I’d done this before, in second grade. I got a little cup taped to my desk and I would watch the fuzzy black caterpillar inside during class, eating and pooping, sometimes at the same time. It felt like deja vu to experience that again twelve years later, watching my caterpillar do its thing when I should’ve been paying attention to my Zoom classes.

The first time I released my butterfly friend, little eight year old me stared up at the sky, mesmerized, as it flew away. I missed it the second time. I guess I wasn’t ready to see it go.

 

. . .

 

Cats are notoriously resistant to change, and my cat definitely didn’t enjoy going to the airport. At security, TSA asked me to take her out of her carrier and hold her as I walked through the metal detector. I could feel her trembling in my arms, but she was so brave about it—she didn’t scratch or bite or try to run at all.

I think I need to channel that part of her—how well she adapted. It wasn’t easy. It’s never easy, but maybe I’ve been approaching it all wrong. Maybe this period of turbulence is just my final stretch as a caterpillar, looking through the garden for a good spot to set all my worries down and develop my true potential.

 

. . .

 

Eric Carle passed in May. I came across this note that he had written, though:

Note from Eric Carle about his books.

The Very Hungry Caterpillar is about hope. You, like the little caterpillar, will grow up, unfold your wings and fly off into the future.

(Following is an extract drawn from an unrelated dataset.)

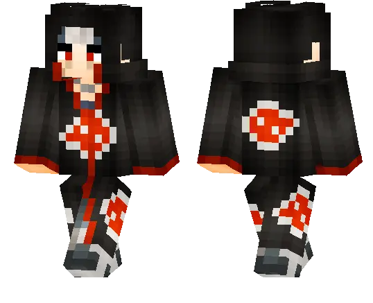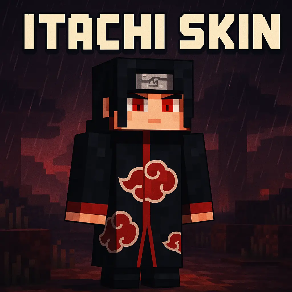 In survival, this skin feels right if you’re the one doing the “dirty work” for the squad—clearing caves, handling bosses, scouting dangerous areas, and slipping back home with full chests while everyone else is still gearing up. Standing on top of a build in the rain, guarding your friends from mobs, or walking alone through dark forests fits this look almost too well. On PvP servers, the cloak and silhouette make you instantly recognizable in duels and arenas, so when people see you in that Akatsuki coat, they already know you’re not in the mood to play nice. Whether you’re defending a base, hunting in the shadows, or just chilling on a rooftop watching the world burn, the Itachi Skin gives your character that calm, untouchable aura every time you log in.

It always comes back to hope.

 

. . .

 

Last summer, around this time, I submitted my blogger application. I wrote about something similar, too—life after a move, back to my childhood house. But I also wrote about cycles and circles, beginnings and endings.

cycles are inherently bittersweet. when you reach the end of a cycle, when you complete a circle, when you revisit somewhere you’ve been before: it carries a sense of achievement, of growth, of nostalgia. but there’s also the faint weight of knowing that this is it, i’m here now.

[…]

the thing about circles, though, is that they don’t really end once you complete them. i mean, that’s the whole point–they’re cyclic. things begin once things end. for the rest of my life to begin, my childhood had to end.

[…]

and maybe that’s why cycles are bittersweet. coming full circle means returning to one last point of familiarity, seeing the ghosts of your past selves and reliving your memories before you move on to the next great adventure, full of uncertainty. but that uncertainty is what makes life worth living.

In some ways, it feels like my life is a boomerang: Canada, Iowa, Minnesota, Iowa, back to Canada.

I’ve completed one more cycle. I think I’m ready to start the next one.